2°. Par le lieu où l’injure a été faite, comme si c’est en un lieu public : ainsi l’injure faite ou dite dans les églises, dans les palais des princes, dans la salle de l’audience, & sur-tout si l’offensé étoit en fonction, est beaucoup plus grave, que celle qui auroit été commise dans un lieu ordinaire & privé.

3°. La qualité de la personne qui a fait l’injure, & la qualité de l’offensé, sont encore des circonstances qui aggravent plus ou moins l’injure ; comme si c’est un pere qui a été outragé par ses enfans, un maître par ses domestiques, un seigneur par son vassal, un gentilhomme par un roturier. Plus l’offensé est élevé en dignité, plus l’injure devient grave ; comme si c’est un magistrat, un duc, un prince, un ecclésiastique, un prélat, &c. Telle injure qui seroit légere pour des personnes viles, devient grave pour des personnes qualifiées.

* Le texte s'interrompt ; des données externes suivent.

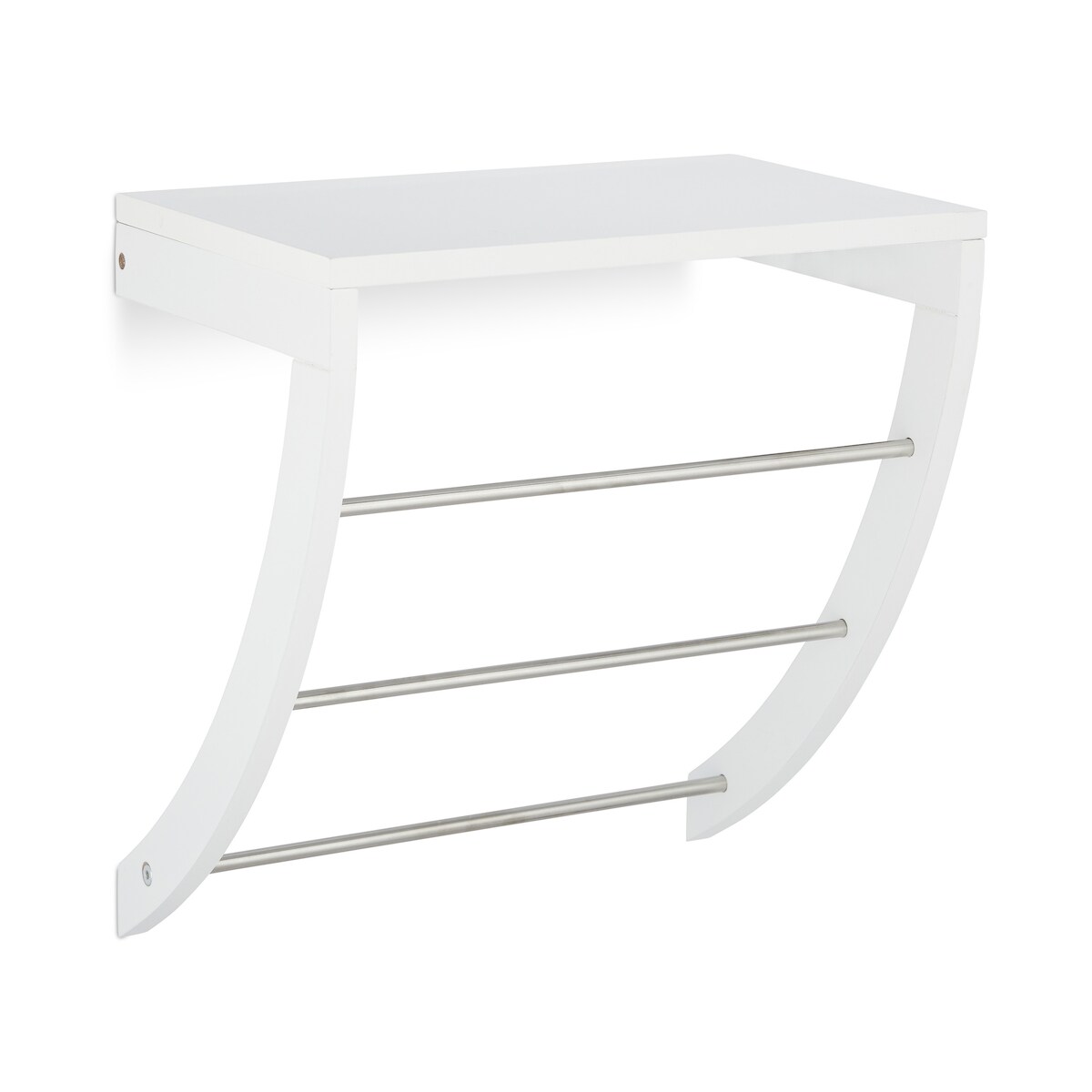 Relaxdays Wandhandtuchhalter Bad, 3 Handtuchstangen aus Edelstahl, Wandmontage, mit Ablage, HxBxT: 40 x 38 x 25 cm, weiß

4°. L’endroit du corps où la blessure a été faite ; comme si c’est à l’œil, ou autre partie du visage.

Les injures qui se font par écrit, sont ordinairement plus graves que celles qui se font verbalement, par la raison que, verba volant, scripta manent.

La loi divine ordonne de pardonner toutes les injures en général.

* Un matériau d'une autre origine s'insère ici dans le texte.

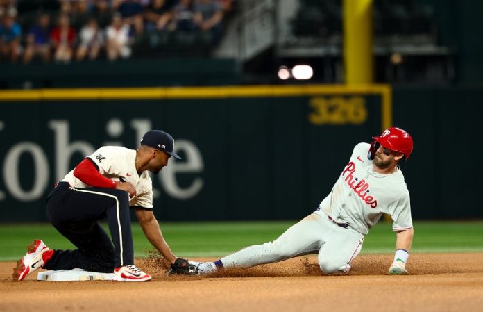 The Phillies added five insurance runs in the ninth off Texas reliever Luis Curvelo. Stott hit a two-run, two-out double to score Nick Castellanos and Max Kepler, and Turner followed with a three-run homer that plated Edmundo Sosa and Stott.

Les empereurs Théodose, Arcadius & Honorius, défendirent à leurs officiers de punir ceux qui auroient mal parlé de l’empereur ; quoniam, dit la loi, si ex levitate contemnendum, si ex insania miseratione dignissimum, si ab injuria remittendum. Ces empereurs ordonnerent seulement que le coupable leur seroit renvoyé, pour voir par eux-mêmes si le fait méritoit d’être suivi ou seulement méprisé.

Du reste les lois civiles & même canoniques permettent à celui qui est offensé, de poursuivre la réparation de l’injure ; ce qui se peut faire par la voie civile ou par la voie criminelle.

Quoiqu’on prenne la voie civile, l’action en réparation d’injure doit toujours être portée devant le juge criminel du lieu où elle a été faite.